Tidak terasa, Dokter Edward telah merawat Clarissa dan Bu Resty selama dua hari. Seperti biasa, siang ini Dokter Edward selalu melantunkan doa di telinga kanan Clarissa dan juga Bu Resty. Dia berharap, semoga kedua wanita yang telah di rawatnya saat ini akan segera sadar dari komanya. Dalam butiran tasbih,selain mengucapkan kalimat tasbih, di antara ranjang Clarissa dan Bu Resty, Dokter Edward juga shalat dhuhur di dalam ruangan.Karena dia takut jika Danes akan datang untuk mencelakai mereka secara diam-diam.
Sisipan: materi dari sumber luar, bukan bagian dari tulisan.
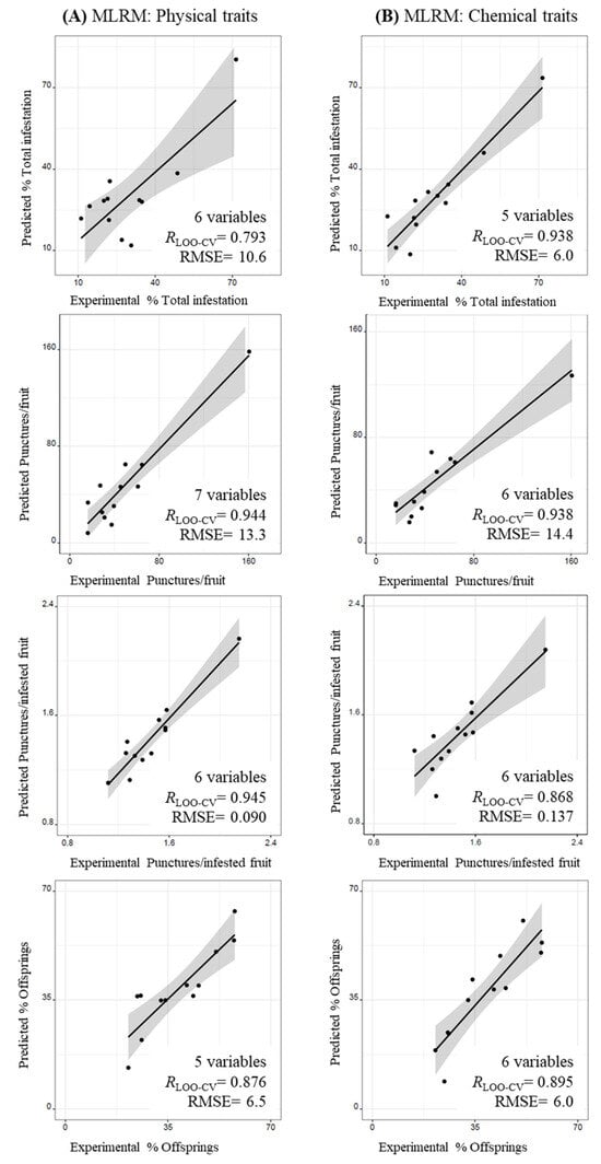 The predictive performance of the developed MLRMs was assessed and the RLOO-CV and RMSE values are shown in Figure 2. The results showed that the MLRMs were able to satisfactorily predict the four variables related to the olive fly’s preference for the fruit (0.793 ≤ RLOO-CV ≤ 0.945).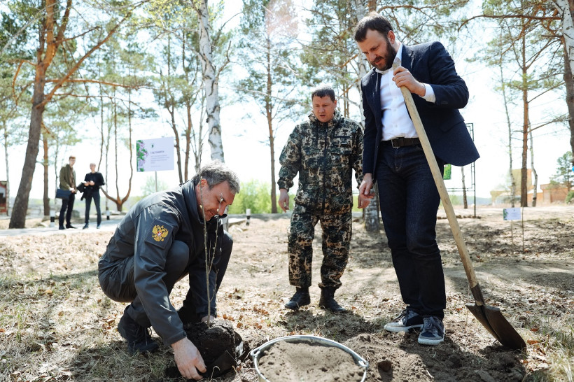 Серебристый тополь высадили в парке «Патриот» Василий Орлов и помощник президента Максим Орешкин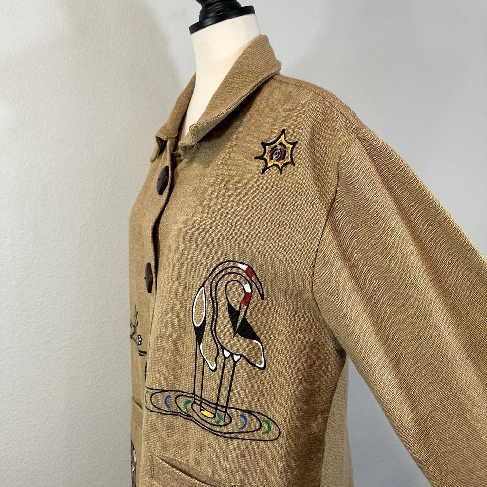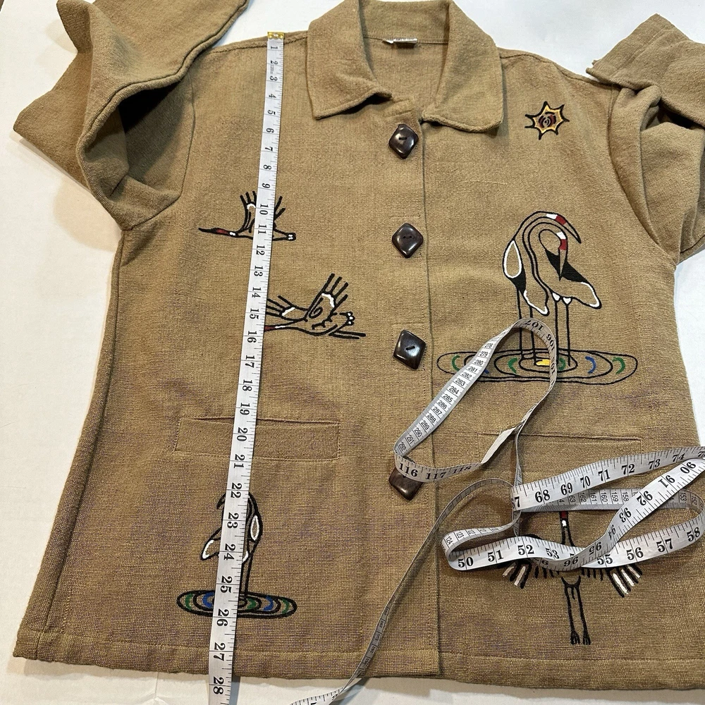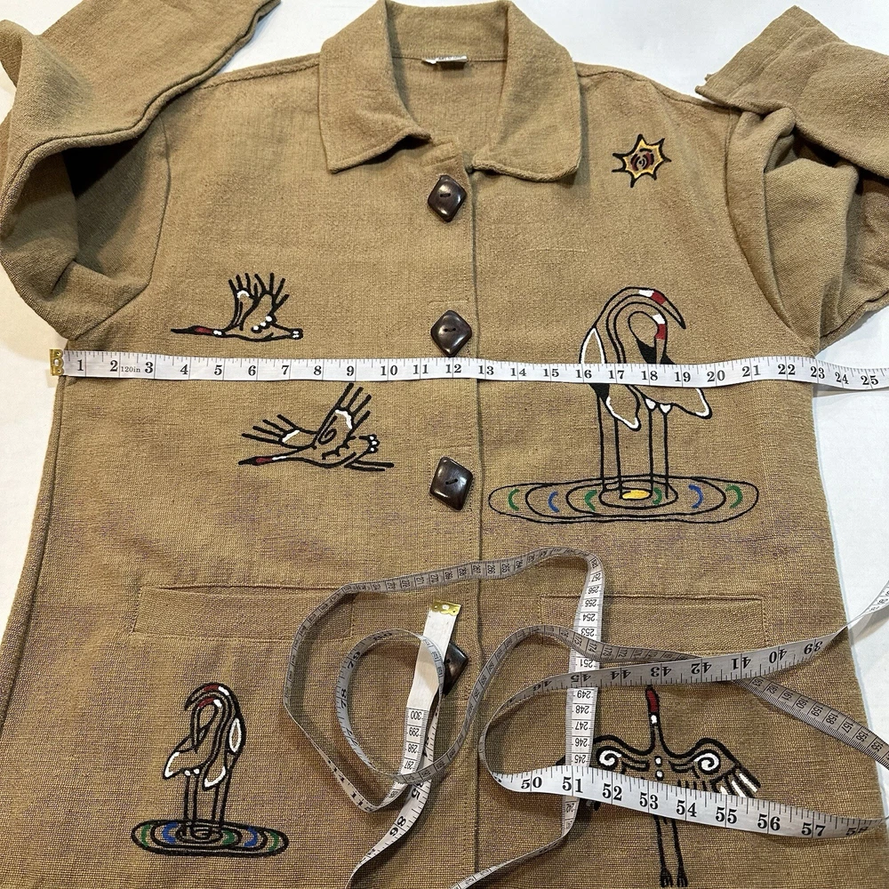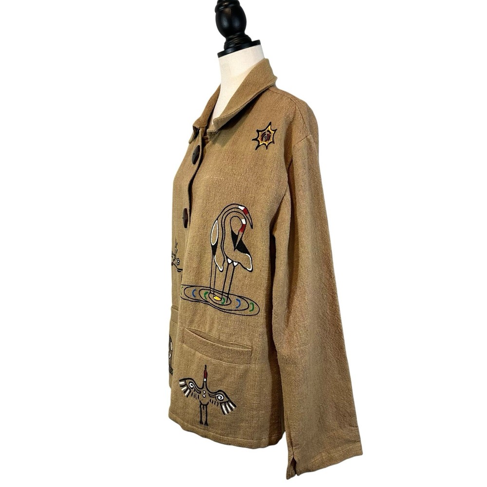 This handcrafted shirt jacket is a stunning piece of wearable art! The vibrant crane painting adds a unique, bohemian charm, and the 100% cotton fabric feels soft and breathable. The XL size fits comfortably, and the pre-owned condition is flawless—no flaws at all. Perfect for adding a pop of culture and style to any outfit. A must-have for lovers of handmade fashion!

Tak hanya itu, dia juga menyuruh penjaga ketika dia pulang atau sedang memeriksa pasien yang lain.
Ketika Dokter Edward akan memeriksa kondisi Bu Resty, tiba-tiba terdengar suara yang sangat lirih memanggil nama "Danes". Seketika Dokter Edward langsung menghampiri ke arah ranjang Clarissa yang sudah sadar.
" Selamat siang Nona Clarissa, "ucap Dokter Edward dengan senyuman.
" Siang juga Dokter. Sekarang, di mana Ibu saya? "tanya Clarissa sambil mengangkat tubuhnya untuk duduk.
" Ibu Anda ada di sebelah. Lihatlah! Beliau sedang tertidur pulas, sekarang Anda istirahat saja dulu ya, "balas Dokter Edward sambil meninggalkan ruangan.
Tatapan mata Clarissa menatap tubuh Ibunya dengan perasaan sedih. Dia masih tidak menyangka jika hari ini akan mengalami kejadian sangat mengerikan ini. Dalam memori otaknya, dia berusaha mengingat-ingat lagi sebelum kejadian yang menimpanya. Secara perlahan, ingatan itupun kembali. Di dalam hatinya ada perasaan curiga mengenai masalah mobilnya yang sebelumnya baik-baik saja, tiba-tiba mengalami rem blong. Dari kejadian ini, dia berusaha ingin menyelidiki semuanya ketika nanti ke luar dari Rumah Sakit.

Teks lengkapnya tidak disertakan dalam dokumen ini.